Proprio per questo motivo, già a partire dal 1991, Sandokan ne aveva decretato la condanna a morte, che l’evraiuolo riuscì ad evitare rendendosi quasi invisibile e tornando in campo una decina di anni dopo, quando si era stabilito nel molto problematico quartiere IACP di Santa Maria Capua Vetere. Si diceva che Caterino utilizzasse addirittura un’auto blindata. E dunque quando il 4 ottobre, manco a dirlo, proprio nel giorno del suo onomastico, Cicciariello Schiavone riunì i vertici del clan a casa del ben noto imprenditore di San Cipriano d’Aversa Di Sarno, tutti eraqno consapevoli che l’eliminazione di Sebastiano Caterino sarebbe stata un’operazione tutt’altro che semplice. Da quando seguiamo i fatti giudiziari relativi a quell’agguato, abbiamo più volte intercettato la notizia della scelta strategica, più che altro bacchettara, dei capi di Casal di Principe, San Cipriano e Casapesenna di provare a tranquillizzare Caterino, facendogli capire che la condanna a morte del 1991 fosse acqua passata. Forse ci siamo distratti, ma non avevamo mai appreso i dettagli attraverso cui la strategia fu realizzata.

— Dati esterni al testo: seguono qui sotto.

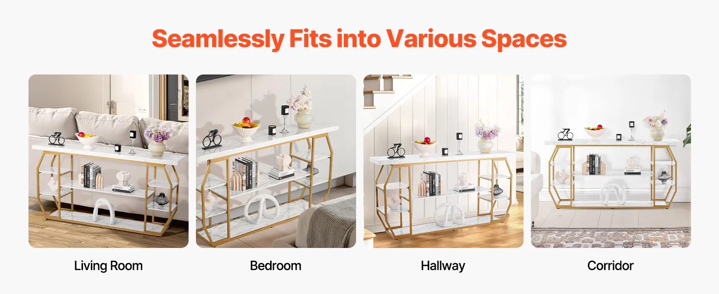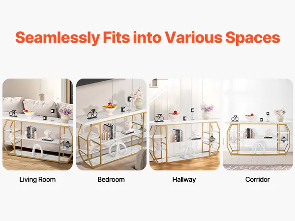 Versatile Design: Ideal for entryways, living rooms, hallways, and bedrooms, this table can be used as a console table, sofa table, or entry table. It serves as both a storage space for trays, coffee, plants, books, keys, and bags, and a display table to elevate your home’s style.

Cicciariello Schiavone prese carta, penna e calamaio e scrisse una lettera a Sebastiano Caterino. La firmò con le sue iniziali e chiusa con la frase “Tuo amico, Ciccio“, con successiva consegna alla madre di Caterino, così come riferiscono i collaboratori di giustizia presenti a quella riunione, insieme a tanti altri i cui nomi potete leggere nello stralcio dell’ordinanza che pubblichiamo in calce. Verrebbe da dire: meno male che era amico.

Da “amico” Cicciariello fu, insieme a Iovine e Zagaria, l’ideatore di uno degli agguati più e meglio organizzati della storia di questo clan, con un enorme dispiego di uomini e mezzi, che cominciarono a lavorarci già dall’estate, ben prima della stesura della lettera. E meno male che era amico Cicciariello. In caso contrario, che avrebbe fatto, la guerra mondiale? Vista e considerata la quantità enorme di proiettili esplosi in pochi istanti in via dei Romani il 31 ottobre 2003, a pochi metri di distanza dal sottopasso che immette nel rione Iacp.

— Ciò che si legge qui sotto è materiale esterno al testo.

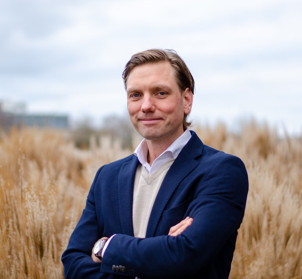 Michiel van den Berg, CEO van Eteck buiten voor een veld met hoog droog gras

Su questa vicenda, oltre ai pentiti, i magistrati della Dda hanno interrogato anche Angela Viviani, convivente al tempo di Sebastiano Caterino, la quale ha confermato, anche per averlo appreso dalla madre di Caterino, la quale consegnò la lettera al figlio e che dopo l’omicidio si chiuse in un totale silenzio, che la lettera fu recapitata al suo compagno. L’evraiuolo, però, conoscendo gli usi e i costumi dei suoi storici nemici, non credette ad una sola parola, al punto da commentare, al cospetto di Pasquale Fava, uno dei suoi fedelissimi di Santa Maria Capua Vetere, che quella lettera offriva una finta pace e che in realtà era “un biglietto di morte”.